Preferably, the acquiring the transformer oil level image comprises acquiring an image of a shooting device and intercepting the image from a video; the method comprises the steps of intercepting an image from a video, setting a video frame selection interval according to the scene, the requirement and the comprehensive consideration of the performance, and converting the intercepted single-frame image into an image in a JPG format which can be processed by an oil table state recognition model;
s2, image preprocessing: the method comprises the steps of image filtering processing, image enhancement processing and image preprocessing on a picture after format conversion, so that partial noise interference in the picture is removed, and the consistency of data preprocessing operation of a training picture and a picture to be predicted is ensured;
preferably, the oil level indicator image collected by the camera is susceptible to illumination, and a large amount of noise is carried in the shooting and transmission processes. For accurate reading of a subsequent oil level indicator, preprocessing of the image is required, including homomorphic filtering, median filtering, binarization, morphological processing and the like.
S2.1 homomorphic filtering processing
Aiming at the fact that the collected oil level gauge image is susceptible to illumination, a homomorphic filter is adopted to enhance the oil level gauge image under weak illumination. The homomorphic filter is a frequency domain filtering algorithm based on the image illumination reflection imaging model principle, and can change the image gray scale range and enhance the image contrast. The invention adopts the Gaussian homomorphic filter H (mu, v) to carry out filtering processing on the oil level gauge image, enhances the brightness of the oil level gauge image under weak illumination and improves the contrast of the image. The calculation formula of the high-pass filter H (mu, v) is as follows:
Figure BDA0003824528600000071
Figure BDA0003824528600000072
where D (μ, v) is the distance of the point (μ, v) from the center of the frequency rectangle
Figure BDA0003824528600000073
The distance of (a); d o To cut off the frequency, the invention takes D o Median value of D (μ, v); the parameter c is used to control the sharpening of the homomorphic filter, and the invention makes c =2; parameter gamma H And gamma L Controlling the variation range of H (mu, v), H (mu, v) epsilon [ gamma ] L ,γ H ]The present invention makes gamma H =2.0,γ L =0.3。
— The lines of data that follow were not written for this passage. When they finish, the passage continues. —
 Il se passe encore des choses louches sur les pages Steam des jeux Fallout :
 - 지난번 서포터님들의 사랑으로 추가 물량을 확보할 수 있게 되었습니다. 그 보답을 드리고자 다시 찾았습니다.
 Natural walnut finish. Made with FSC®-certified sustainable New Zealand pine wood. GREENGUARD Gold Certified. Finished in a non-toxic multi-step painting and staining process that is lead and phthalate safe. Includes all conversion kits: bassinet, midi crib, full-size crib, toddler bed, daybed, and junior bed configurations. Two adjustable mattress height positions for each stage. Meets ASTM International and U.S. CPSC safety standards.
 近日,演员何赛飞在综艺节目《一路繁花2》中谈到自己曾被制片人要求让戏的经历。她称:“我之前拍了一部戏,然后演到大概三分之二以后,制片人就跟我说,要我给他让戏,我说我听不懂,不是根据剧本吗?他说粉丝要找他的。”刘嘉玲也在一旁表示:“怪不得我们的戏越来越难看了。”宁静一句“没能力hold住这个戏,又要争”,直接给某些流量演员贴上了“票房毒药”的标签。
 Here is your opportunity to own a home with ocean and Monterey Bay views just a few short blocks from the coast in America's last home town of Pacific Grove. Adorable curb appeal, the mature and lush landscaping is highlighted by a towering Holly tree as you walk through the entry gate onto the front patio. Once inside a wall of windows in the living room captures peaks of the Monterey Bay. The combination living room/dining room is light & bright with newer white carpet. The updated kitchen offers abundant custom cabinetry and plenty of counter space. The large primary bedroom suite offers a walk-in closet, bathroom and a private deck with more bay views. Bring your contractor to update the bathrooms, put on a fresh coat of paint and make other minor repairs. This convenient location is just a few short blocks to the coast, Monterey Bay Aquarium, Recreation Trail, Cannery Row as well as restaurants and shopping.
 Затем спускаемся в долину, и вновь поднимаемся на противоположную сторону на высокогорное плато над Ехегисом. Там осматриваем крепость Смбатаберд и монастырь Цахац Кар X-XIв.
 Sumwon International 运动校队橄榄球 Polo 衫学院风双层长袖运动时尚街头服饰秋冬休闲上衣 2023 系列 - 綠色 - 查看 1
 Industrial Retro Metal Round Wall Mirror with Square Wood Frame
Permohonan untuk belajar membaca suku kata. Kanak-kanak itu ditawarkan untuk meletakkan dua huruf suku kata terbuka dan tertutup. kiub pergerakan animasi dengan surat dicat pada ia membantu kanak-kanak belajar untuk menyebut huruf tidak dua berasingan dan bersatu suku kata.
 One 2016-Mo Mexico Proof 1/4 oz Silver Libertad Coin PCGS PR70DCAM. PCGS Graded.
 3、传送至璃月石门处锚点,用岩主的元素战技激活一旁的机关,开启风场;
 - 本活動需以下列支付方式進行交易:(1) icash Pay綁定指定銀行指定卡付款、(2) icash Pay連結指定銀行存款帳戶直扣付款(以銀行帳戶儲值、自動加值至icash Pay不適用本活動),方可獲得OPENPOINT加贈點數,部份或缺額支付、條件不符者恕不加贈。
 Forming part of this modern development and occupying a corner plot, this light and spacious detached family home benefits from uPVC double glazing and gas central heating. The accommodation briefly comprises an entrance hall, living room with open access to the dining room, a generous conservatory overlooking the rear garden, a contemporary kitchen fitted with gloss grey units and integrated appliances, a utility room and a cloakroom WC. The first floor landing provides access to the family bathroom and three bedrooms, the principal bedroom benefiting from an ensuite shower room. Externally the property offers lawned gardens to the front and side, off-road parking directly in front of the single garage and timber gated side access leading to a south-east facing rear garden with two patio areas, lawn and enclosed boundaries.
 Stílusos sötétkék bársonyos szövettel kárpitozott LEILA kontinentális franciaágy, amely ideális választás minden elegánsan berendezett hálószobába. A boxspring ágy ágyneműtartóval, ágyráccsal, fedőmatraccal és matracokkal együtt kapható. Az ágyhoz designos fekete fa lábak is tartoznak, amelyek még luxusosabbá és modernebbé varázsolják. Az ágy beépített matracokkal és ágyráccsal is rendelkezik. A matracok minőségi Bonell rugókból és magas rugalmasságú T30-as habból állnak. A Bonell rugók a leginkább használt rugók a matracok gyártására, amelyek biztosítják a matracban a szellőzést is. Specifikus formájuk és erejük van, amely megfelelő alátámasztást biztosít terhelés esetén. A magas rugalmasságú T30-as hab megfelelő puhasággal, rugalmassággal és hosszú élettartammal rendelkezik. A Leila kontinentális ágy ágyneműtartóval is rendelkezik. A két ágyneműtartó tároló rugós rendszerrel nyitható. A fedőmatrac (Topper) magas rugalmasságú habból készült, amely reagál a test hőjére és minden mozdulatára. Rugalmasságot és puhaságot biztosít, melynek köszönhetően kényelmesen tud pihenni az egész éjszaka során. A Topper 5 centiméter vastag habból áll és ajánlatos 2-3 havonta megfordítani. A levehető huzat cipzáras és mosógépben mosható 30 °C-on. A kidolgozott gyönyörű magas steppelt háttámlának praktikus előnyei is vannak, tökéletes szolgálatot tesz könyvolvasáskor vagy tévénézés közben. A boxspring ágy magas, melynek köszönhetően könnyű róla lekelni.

The result is processed by using the Gaussian homomorphic filter, so that the effect of brightening the dark oil level indicator image in the camera acquisition process can be achieved, and meanwhile, the contrast of the pointer area and the non-pointer area of the oil level indicator image is enhanced.
S2.2, binarization and image morphology processing
Since the pointer of the oil level gauge image is mostly black, and other areas of the oil level gauge are mostly gray or white, the pointer can be distinguished from the other areas using the threshold method. The binarized image f (x, y) after processing by the thresholding method is expressed as:
Figure BDA0003824528600000081
wherein f (x, y) is a binarized image processed by a thresholding method, and T is a set threshold;
in the binarized picture, some tiny interference points still exist in the image, and the method effectively removes the interference points by using corrosion operation in morphology.
S3, positioning an oil meter pointer: and identifying the axis position of the oil level indicator by adopting a method of traversing pointer pixels, and identifying the position of the pointer by utilizing improved Hough transform.
S3.1, determining the axle center of the oil level gauge
As shown in fig. 2 (a), 2 (b) and 2 (c), for the identification of the axis of the oil level gauge, the present invention identifies the axis of the oil level gauge by traversing the pixels of the pointer. It can be seen that the color of the axis of the pointer is still different from that of the black pointer. Two segments of pointer interrupted by the axis can be found in the binarized image, the contour extraction operation is firstly carried out on the morphologically operated image according to the characteristic, two segments of interrupted pointers can be framed by two minimum circumscribed rectangle frames, then the mass centers of the two rectangles are respectively obtained, and the coordinates (x) of two mass points are obtained 1 ,y 1 ),(x 2 ,y 2 ). Connecting the two points can obtain a straight line on the pointer, and the slope k and the intercept b of the straight line can be obtained according to the two points, so that a straight line equation can be obtained:
y = k X + b, the pixels on the line are traversed, and the judgment can be made according to RGB to find the first non-black point (X) on the line 1 ,Y 1 ) And the last non-black dot (X) 2 ,Y 2 ) And recorded. And finally, calculating the middle point of the coordinates of the two points to obtain the coordinates (X, Y) of the axis.
X=(X 1 +X 2 )/2
Y=(Y 1 +Y 2 )/2
S3.2, pointer position identification
(1) Principle of Hough transform
The hough transform works based on dotted duality, as shown in fig. 3, where a straight line y = k x + b in a rectangular coordinate system is transformed into a parameter space straight line equation b = -k x + y, and considering the infinite slope possibility, the straight line is finally transformed into a polar coordinate space curve equation ρ = x cos θ + y sin θ, and θ ∈ (0, 180) is set to traverse the image with θ step size of 1, as shown in fig. 3.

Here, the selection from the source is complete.